What this policy does
Detects and redacts three Spanish identifiers using Phileas’s generic identifier filter with a
control-character validator, so each match is kept only if its control is correct:
- DNI (Documento Nacional de Identidad): 8 digits and a control letter, validated by the
mod23-lettervalidator. - NIE (Numero de Identidad de Extranjero): a leading X, Y, or Z (mapped to 0, 1, 2), 7 digits,
and a control letter, validated by the
mod23-lettervalidator. - CIF (the organization tax identifier): a leading organization-type letter, 7 digits, and a
control digit or letter, validated by the
es-cifvalidator.
Each is replaced with a distinct token.
Why the validators matter
The shapes alone (eight digits plus a letter, and so on) would over-match.

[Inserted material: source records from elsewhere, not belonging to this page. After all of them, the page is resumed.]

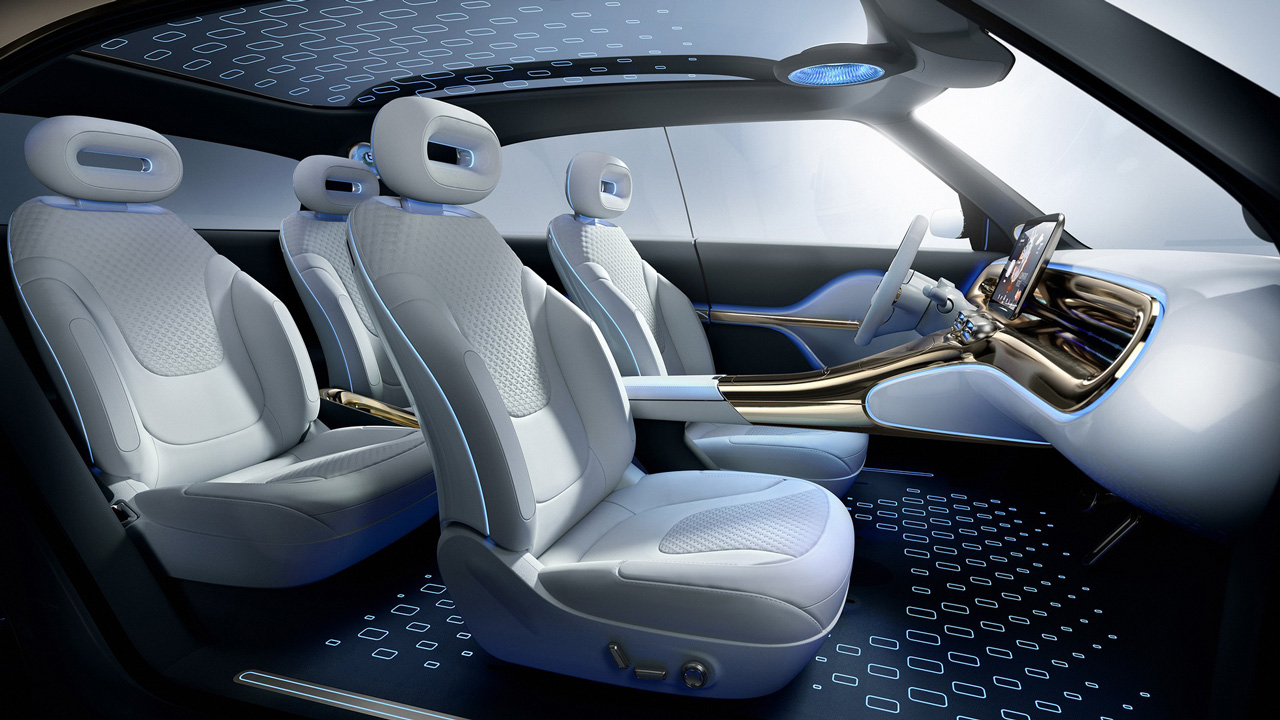 Η καμπίνα αποκαλύπτεται με το ιδιαίτερο άνοιγμα των πορτών, το λεγόμενο “suicide doors”. Εκεί βλέπουμε ένα ιδιαίτερα φουτουριστικό περιβάλλον, το οποίο μπορεί να φιλοξενήσει αποκλειστικά τέσσερις επιβάτες. Όσο για την σχεδίαση, είναι μίνιμαλ και στο κέντρο βρίσκεται η ψηφιακή οθόνη αφής μεγέθους 12,8 ιντσών μέσα από την οποία θα πραγματοποιείται η ενημέρωση και ψυχαγωγία των επιβατών.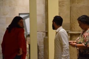 Durante unos eternos minutos se encerró en el despacho del grupo parlamentario de Podemos donde permaneció acompañada por algunos miembros de su formación, entre ellos Mario Herrera; mientras, Nazaret Martín y Amaia Castro se hallaban charlando fuera del parlamento.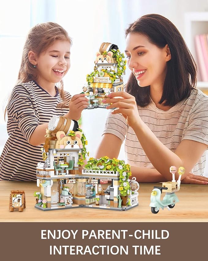 - High Quality: Bear theme cafe street scene building, with a beautiful box, made of safe ABS material, durable, lightweight, safe. The surface and edge of each block are smooth and burr free. All parts fit well and are not easy to loosen (mini size about 25% smaller than a standard brick)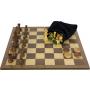 Schackpjäserna är i Staunton-stil. Kungen är 6,3 cm hög.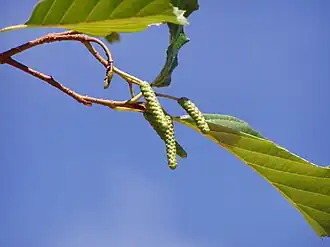 É uma espécie monóica, com flores masculinas e femininas na mesma planta e agrupadas em inflorescências. As flores masculinas formam amentilhos – género de espiga alongada, com uma forma cilíndrica, compridos e de cor púrpura durante o inverno e verde na primavera. As flores femininas são agrupadas em amentilhos ovóides, lenhificados, que fazem lembrar pequenas pinhas, de cor vermelho-púrpura, que se tornam verdes na primavera e castanhas depois de ocorrer a fecundação. A formação das inflorescências inicia-se no outono e a floração é regular, abundante e ocorre entre janeiro e março, antes do surgimento das folhas.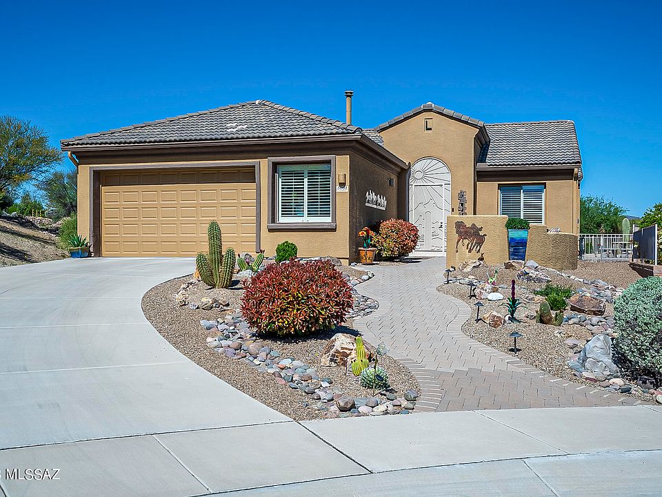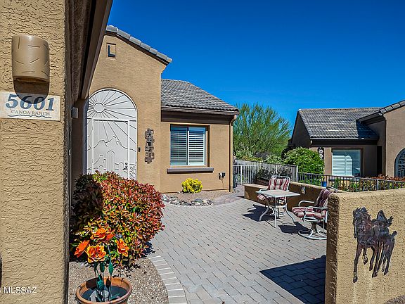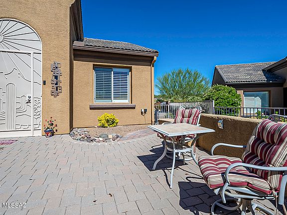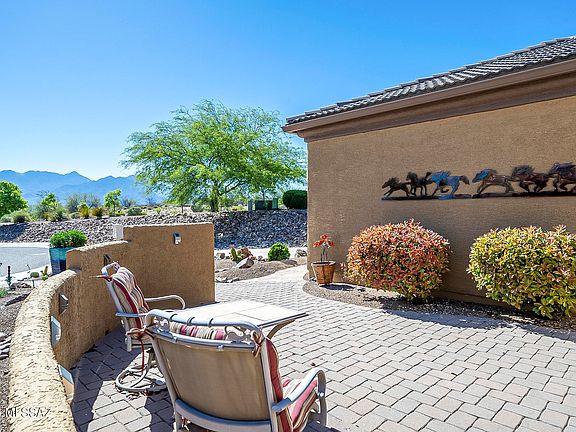 You'll be amazed at the view, privacy, huge backyard and all this former model has to offer! Resting high at the end of a cul-de-sac close to the Canoa GVR center, this 1,784 sq. ft. 2 bedroom, 2 bath, 2.5 car garage home offers a stunning mountain view from the front paver courtyard, a perfect spot to enjoy your morning coffee. Inside, through the enclosed vestibule, it features an open floor plan with ''cook's'' kitchen, a center island housing a raised dishwasher so you don't have to bend to load or unload, a double sink, and beautiful granite countertops. There's a double pantry closet, pull-out shelves in the cherry cabinets, under-cabinet lighting, pendant lighting over the island and stainless appliances. The large Great Room includes a separate dining area with a SE mountain view. Throughout the home, you'll find beautiful tile floors and plantation shutters. The highlight of the Great Room is the gas fireplace and curved TV that conveys with the sale. There's a French Door that takes you to the covered back patio with remote controlled sun shades. Beyond that, the patio is extended with pavers all around to the north side of the house. If you like to entertain, there's plenty of room for all your friends. For the chilly winter evenings, there's a fire pit. If you're a golfer, you can practice your putts on your own putting green. The backyard backs up to a common desert area and the Canoa Ranch golf course. You have to see this property to truly appreciate the privacy, the beauty, the view and the features of this unique home. The primary bedroom is spacious with plenty of room for a king bed and large nightstands, chest of drawers and even a sitting area. Plus, there's a French door to the patio with its own security screen door. The primary bathroom has a large walk-in closet, double shower with bench and double executive height vanities. The laundry room is complete with multiple cabinets and washer/dryer. In the 2.5 car garage, you'll find plenty of storage space. And, you can move the portable shelving to the side wall if you need more depth for a larger vehicle. Overall, this is a great property. Don't pass it by! You'll be surprised at all it has to offer!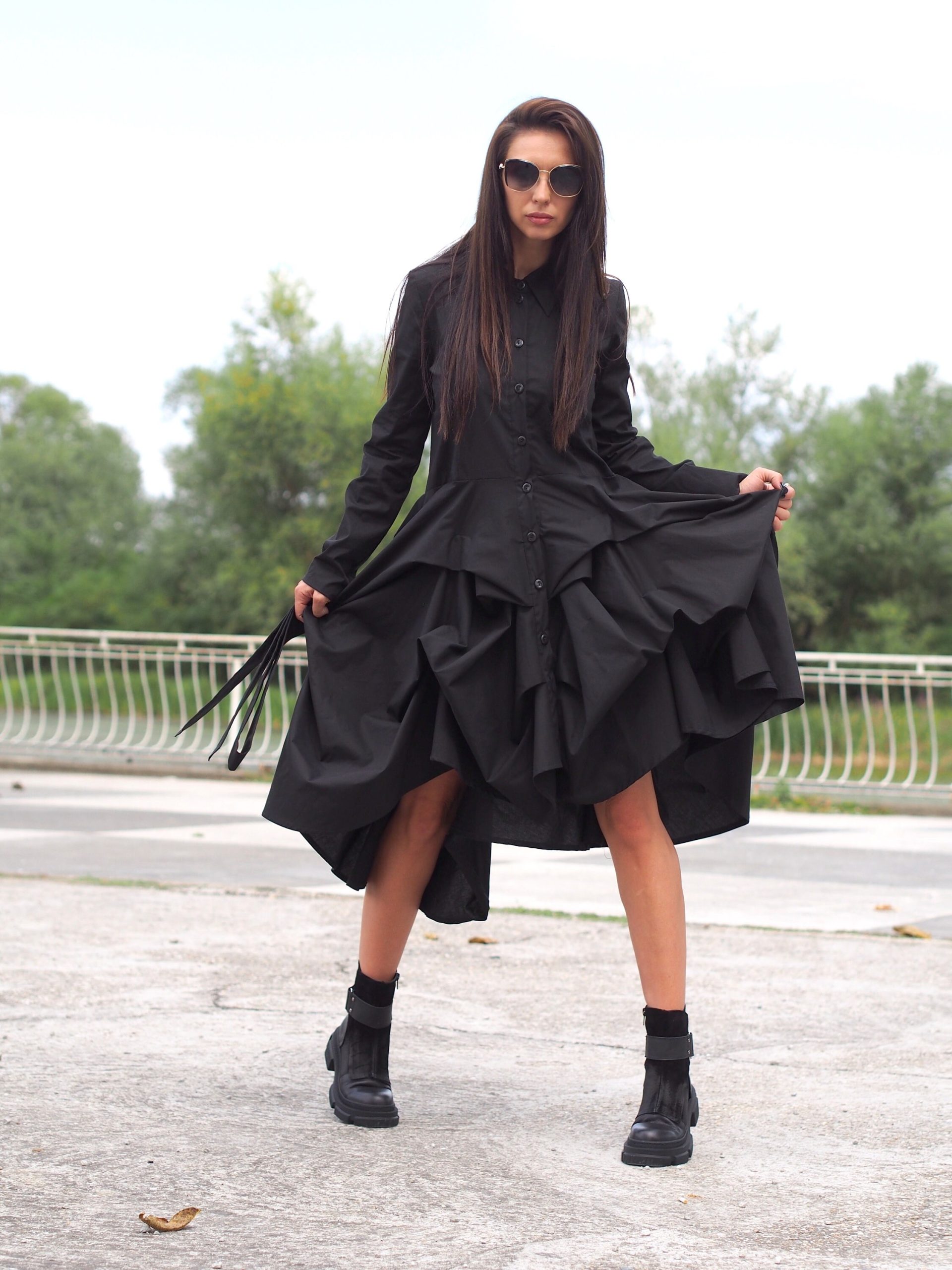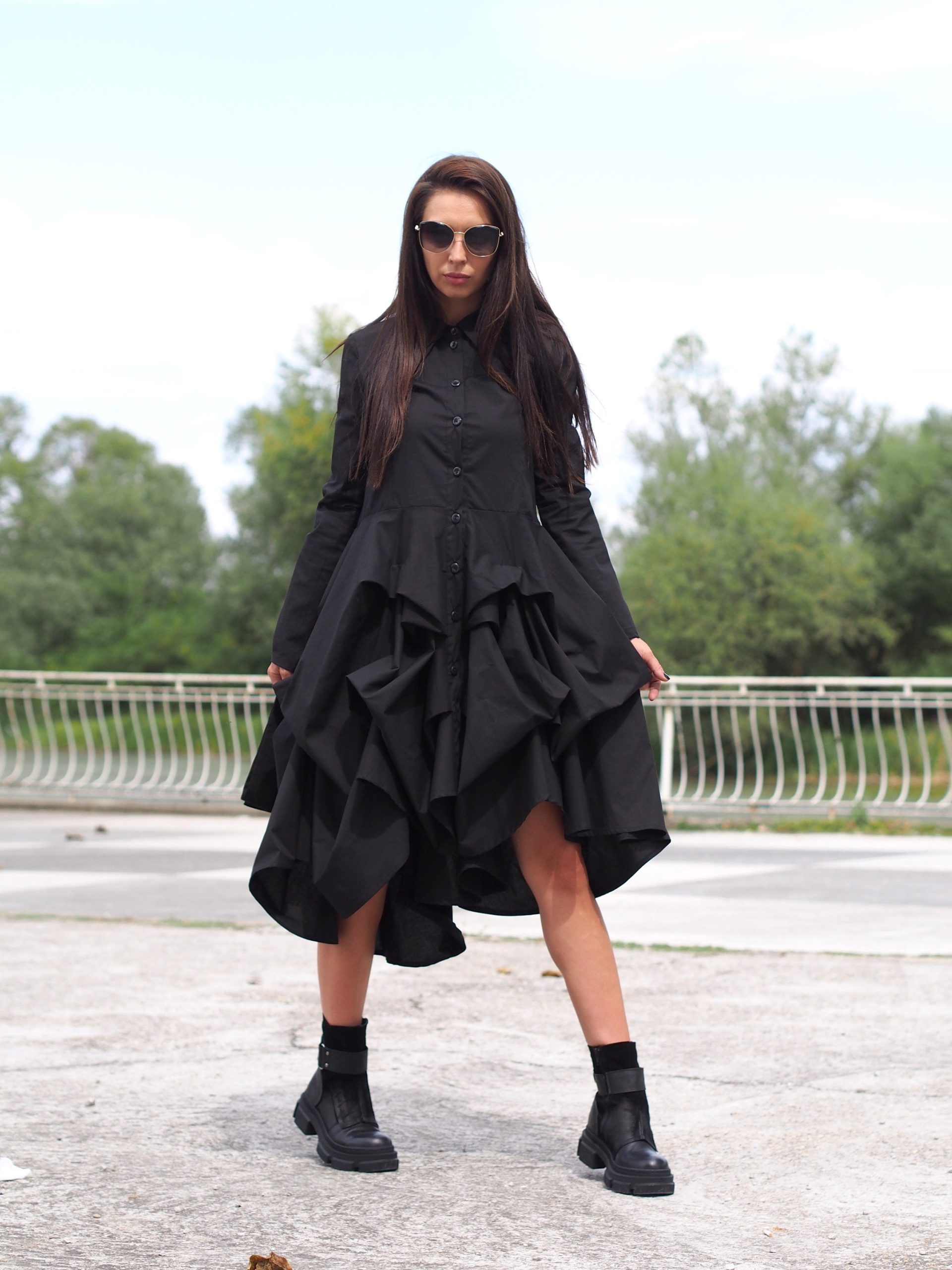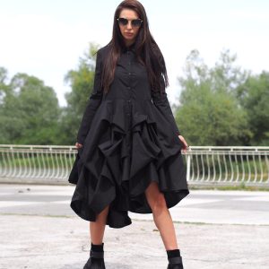 Make a bold yet effortless statement with this black flared shirt dress the perfect combination of comfort and timeless style.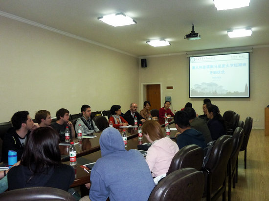 一楼会议室举行,院长张建成、副院长吴殿华、留学生管理办公室主任蔺丰辉、汉语教研室主任邵英老师等和塔斯马尼亚大学亚洲文化与语言学院副院长Mark Harrison博士、澳方带队老师林嘉惠博士及十名澳方学生参加了开班仪式。仪式由留学生管理办公室冯伟老师主持并翻译。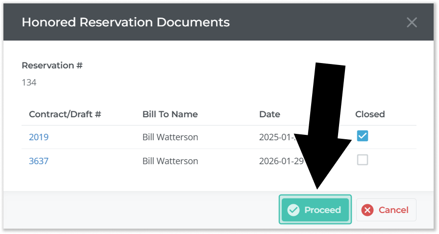 - If the Reservation you selected has previously been converted into a Contract, the Honored Reservation Documents window will appear. This window lists the Contracts that have been created from this Reservation and helps prevent duplicates from being created.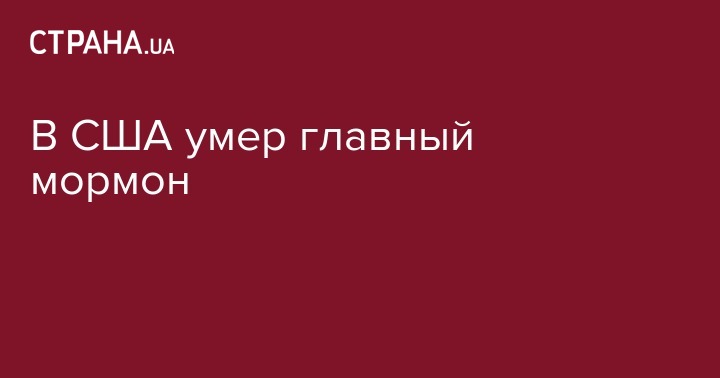 В США умер глава самой крупной религиозной организации мормонов Церкви Иисуса Христа Святых последних дней Томас Спенсер Монсон. Об этом сообщается в Twitter организации.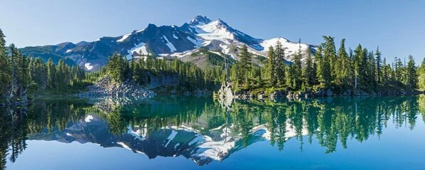 Idyllisch erstreckt sich vor einem schneebedeckten Gebirgszug ein See, in dem sich Bäume spiegeln. Das Bild wird auf ausgewähltem Canvas-Gewebe gedruckt und überzeugt mit exakten Konturen und einer hohen Auflösung.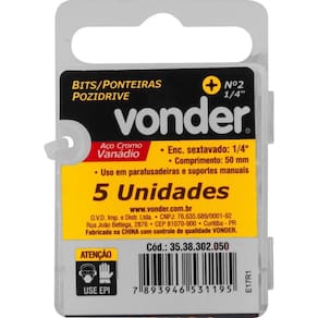 Número da ponta do bits pozidrive: N2 - 1/4

The validator keeps a
match only if the control character is correct, so 12345678A (a DNI shape with the wrong control
letter) is left in place while 12345678Z is redacted. Detection remains probabilistic; validate
against your own documents.
Test vectors
- DNI, valid:
12345678Z. Invalid (wrong control letter):12345678A. - NIE, valid:
X1234567L. Invalid (wrong control letter):X1234567A. - CIF, valid:
A58818501. Invalid (wrong control character):A58818502.
Contextual cues
In free text, anchor on a nearby cue (“DNI”, “NIE”, “CIF”) and capture only the identifier with
groupNumber:
{
"classification": "spanish-dni",
"pattern": "DNI[\\s:#-]*(\\d{8}[A-Za-z])",
"caseSensitive": false,
"groupNumber": 1,
"validator": "mod23-letter",
"identifierFilterStrategies": [
{ "strategy": "REDACT", "redactionFormat": "[REDACTED-SPANISH-DNI]" }
]
}
This trades recall for precision.
Prerequisites
Use Phileas 4.1.0 or later, which provides redaction policy schema 1.1.0 and the mod23-letter and
es-cif validators. The example input and output were verified against Phileas 4.1.0.